By analyzing existing cross correlation between ARN Media Limited and Carlton Investments, you can compare the effects of market volatilities on ARN Media and Carlton Investments and check how they will diversify away market risk if combined in the same portfolio for a given time horizon. You can also utilize pair trading strategies of matching a long position in ARN Media with a short position of Carlton Investments. Check out your portfolio center. Please also check ongoing floating volatility patterns of ARN Media and Carlton Investments.
Diversification Opportunities for ARN Media and Carlton Investments
0.56 | Correlation Coefficient |
Very weak diversification
The 3 months correlation between ARN and Carlton is 0.56. Overlapping area represents the amount of risk that can be diversified away by holding ARN Media Limited and Carlton Investments in the same portfolio, assuming nothing else is changed. The correlation between historical prices or returns on Carlton Investments and ARN Media is a relative statistical measure of the degree to which these equity instruments tend to move together. The correlation coefficient measures the extent to which returns on ARN Media Limited are associated (or correlated) with Carlton Investments. Values of the correlation coefficient range from -1 to +1, where. The correlation of zero (0) is possible when the price movement of Carlton Investments has no effect on the direction of ARN Media i.e., ARN Media and Carlton Investments go up and down completely randomly.

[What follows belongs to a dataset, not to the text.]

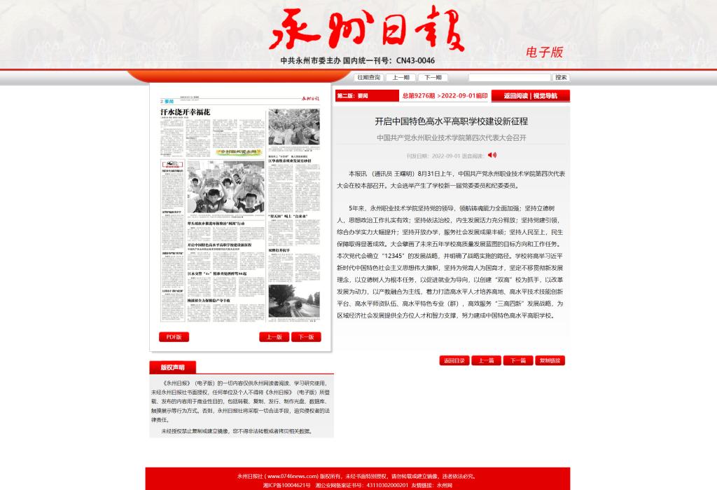 本报讯 (通讯员 王曙明)8月31日上午,中国共产党永州职业技术学院第四次代表大会在校本部召开。大会选举产生了学校新一届党委委员和纪委委员。

Pair Corralation between ARN Media and Carlton Investments
Assuming the 90 days trading horizon ARN Media is expected to generate 1.56 times less return on investment than Carlton Investments. In addition to that, ARN Media is 4.56 times more volatile than Carlton Investments. It trades about 0.01 of its total potential returns per unit of risk. Carlton Investments is currently generating about 0.1 per unit of volatility. If you would invest 3,050 in Carlton Investments on September 19, 2024 and sell it today you would earn a total of 40.00 from holding Carlton Investments or generate 1.31% return on investment over 90 days.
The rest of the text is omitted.